Griffith is attracted to this sense of authenticity and originality. Zippy wanders the strange landscape of America exploring its nooks with a sense of honest curiosity.
“Zippy is the perfect consumer,” Griffith said, “He buys according to the shiny package, not what’s inside. He loves Hohos, Dingdongs, Wingdings, Yoohoo…”
Griffith says he gets numerous letters from bewildered, sometimes even angry readers who tell them they don’t “get it.” Griffith himself admits that Zippy may seem obscure to many people, but he says that that is not his intention.

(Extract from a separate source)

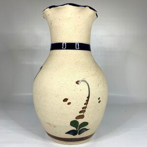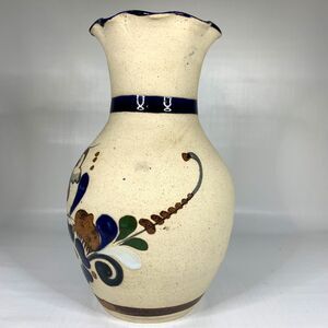 Sandstone Tonala Folk Art Vase Signed Pottery Bird Floral Cobalt Rim Vintage Ethnic Measures approx. 9" tall No chips or cracks (see photos for details)

“Well it’s not Garfield….With the exception of ‘Little Lulu’ and ‘Nancy and Sluggo,’ I always recoil from the horror of cuteness,” he said. “The way I look at it, I’m basically doing my strip with myself as my audience. I’m not looking to please a specific audience or to tell a joke like other comics. I’m asking the reader to meet me half way.”
Recently, Griffith’s agent has been trying to pitch a “Zippy the Pinhead” animated series to the Cartoon Network’s “Adult Swim” programming block, a late night lineup of cartoons for mature audiences, but Griffith is skeptical. Zippy has been optioned for film and television numerous times, and Griffith and his wife, Diane Noomin, completed several drafts of a screenplay. At one point there were even commercials advertising the series on Showtime, but for various reasons, plans for a televised show always fell through.
Despite the wavering interest from television shows, Griffith remains dedicated to his comic, giving his caricature new life every time he sits down at a table at O’Rourke’s with his pen and an omelet with smoked salmon prepared by Brian O’Rourke himself.
“If it isn’t your reason to get up in the morning then it doesn’t get made,” Griffith said. “And my reason to get up in the morning is doing my strip, making Zippy every day.”